Grève des salariés de l’enseigne Carrefour, grogne des dockers au Port Est, mouvement de protestation des employés de la CILAM, action coup de poing des salariés de Renault... ces conflits sociaux se sont succédés depuis le début de l’année 2013. Y-a-t-il eu un phénomène de contagion ?
Philippe Jean-Pierre : Effectivement, la grande crise qui s’opère et se traduit par des blocages génère un effet "d’apprentissage". On peut parler d’une réaction en chaîne.
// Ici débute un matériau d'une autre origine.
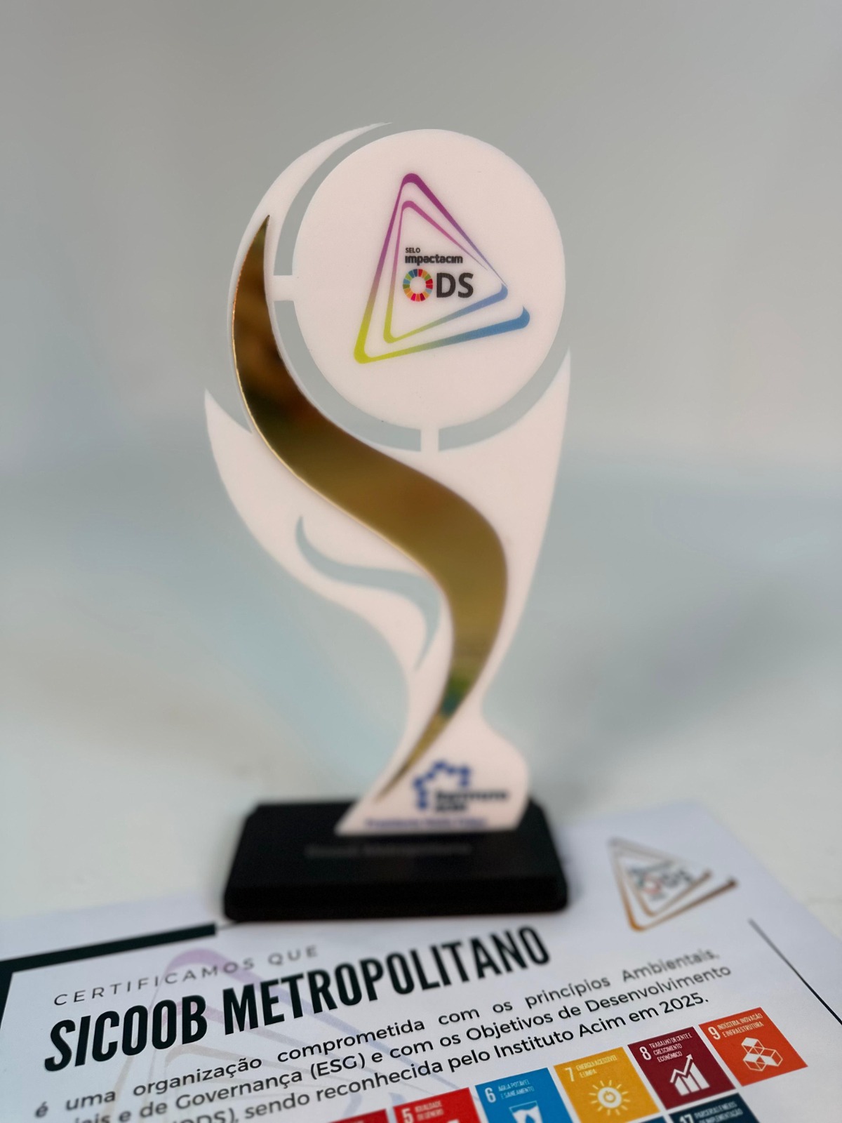 O Sicoob Metropolitano foi reconhecido, mais uma vez, com o Selo Impactacim ODS Ouro, concedido pelo Instituto ACIM de Responsabilidade Social. A certificação destaca empresas e organizações públicas e privadas que adotam práticas ESG e promovem ações consistentes para o alcance dos Objetivos de Desenvolvimento Sustentável (ODS), reforçando o compromisso com uma atuação ética, consciente e voltada ao futuro.

C’est justement pour éviter ce phénomène de contagion qu’il faut recréer les espaces de négociations.
La résolution des conflits doit se faire dans ces espaces et non dans la rue, qui apparait comme la solution extrême. Il y a une forme de jurisprudence lorsque des personnels grévistes obtiennent satisfaction.
Comment envisagez-vous la suite ? Doit-on s’attendre à d’autres mouvements sociaux dans les semaines/ mois à venir ? Quel impact pour l’économie locale ?
Philippe Jean-Pierre : de manières générale, toutes les entreprises qui vont devoir organiser les négociations annuelles obligatoires seront peut-être exposées. De la même façon, les entreprises amenées à appliquer des mesures d’urgence, de licenciements risquent aussi d’être touchées. Les conflits crispent le climat social.
En ce qui concerne les conflits au Port Est et à la CILAM, le Préfet a nommé des médiateurs pour arbitrer les négociations. Quel rôle doit jouer l’Etat dans ces conflits ?
Philippe Jean-Pierre : L’Etat doit jouer un rôle de régulateur et pallier les défaillances du système de défaillances. Ceci dit, les acteurs économiques doivent faire en sorte de gérer par-eux mêmes la situation. L’intervention de l’Etat - qui symbolise la puissance publique- doit rester exceptionnelle.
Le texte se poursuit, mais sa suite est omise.